I watched as my parents visited their dying friend in hospice, willing to wade through the literal, uncomfortable silence of sitting with a man who had lost his ability to speak. At other times, I talked with a childhood friend who was willing to call me out on my bullshit: painful then, but a gift now.
It is in the stickiness I learned, as my pastor encouraged me, that closeness and change are forged in the spaces of discomfort. Change can’t occur in a vacuum. Rather, the chance to impact, say, the people on the fringe, or the classmate who lacks social skills, comes when we are willing to draw near. Talk to them. Help shed their discomfort by taking it on ourselves, so they feel more comfortable.
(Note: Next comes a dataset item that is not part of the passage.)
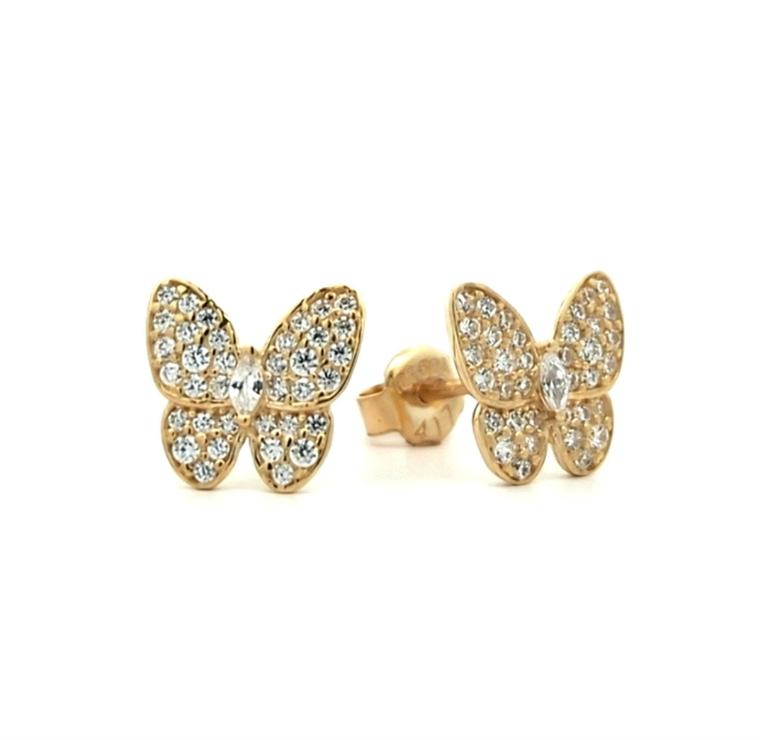 10KT Yellow Gold Cubic Zirconia Butterfly Stud Earrings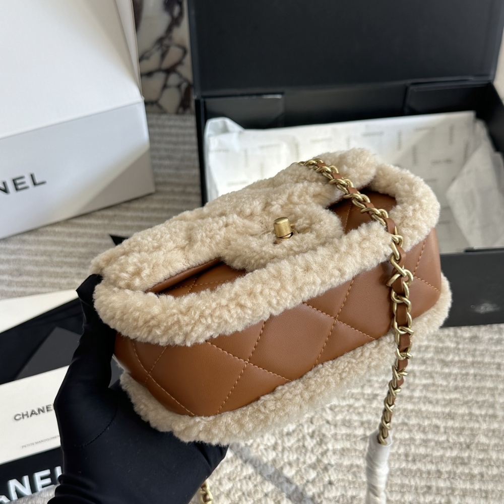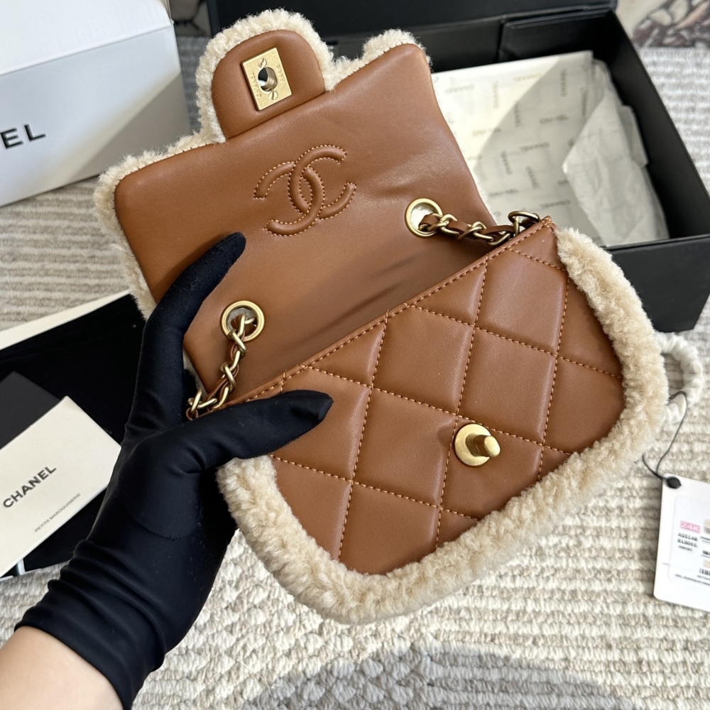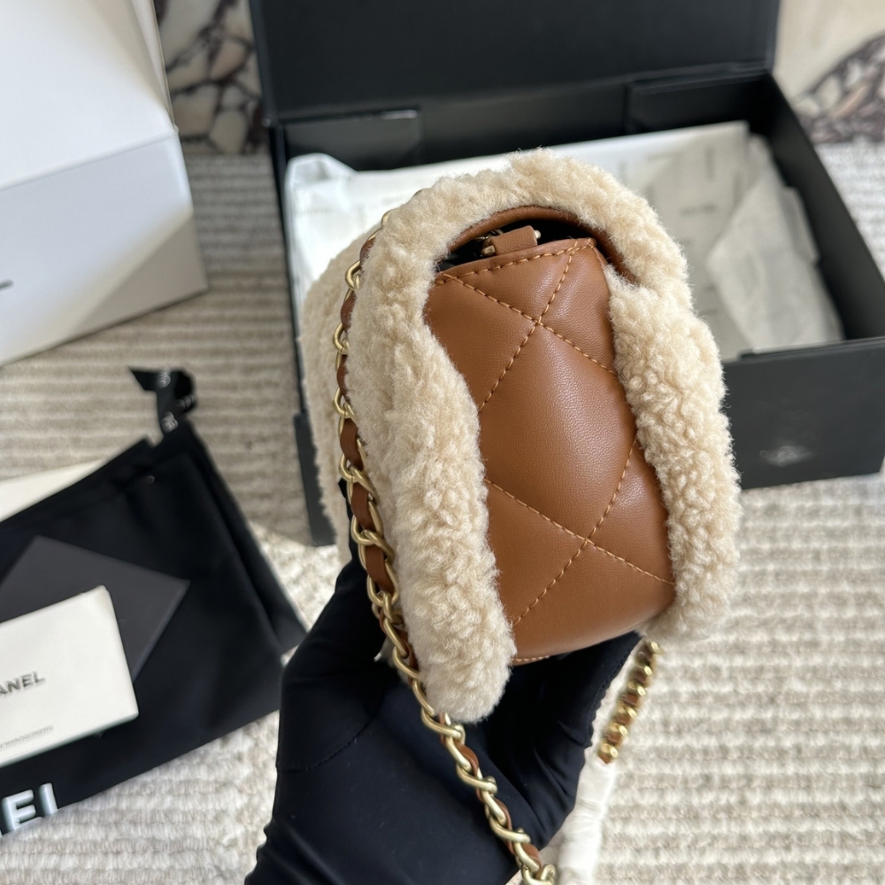 Chanel Mini Flap Bag Shearling Beige & Brown 18cm AS5148-B18194-NZW48

This principle of discomfort for another’s ultimate comfort isn’t new. It’s learned. An impulse to draw near to another in their ickiness is completely opposite to our natural instinct for comfort. It is far easier for us to flee the room than stay seated. I only began learning to sit in another’s discomfort when I was the recipient of such examples. This lesson in empathy was highlighted for me when I realized my abnormalness for crying—often in public spaces. I cry with great abundance. The student union, gym, walk back from class, or even Target—they’ve all seen my tears—and they don’t all come with free tissues.
Yet in those moments of freefall, when I can’t contain my struggles, I find that my roommate stops her work to listen, my friend lends me her room to rest in, and my sister shares her own stories to help me with mine. Thrust into my pain, they make uncomfortable choices to comfort me. My best friends give me grace before guilt, help rather than hell. (And always tissues for my tears.) My older sister sticks around my stickiness. Unlike the waiter I embarrassed when asking about his wig, she would rather serve my table than leave.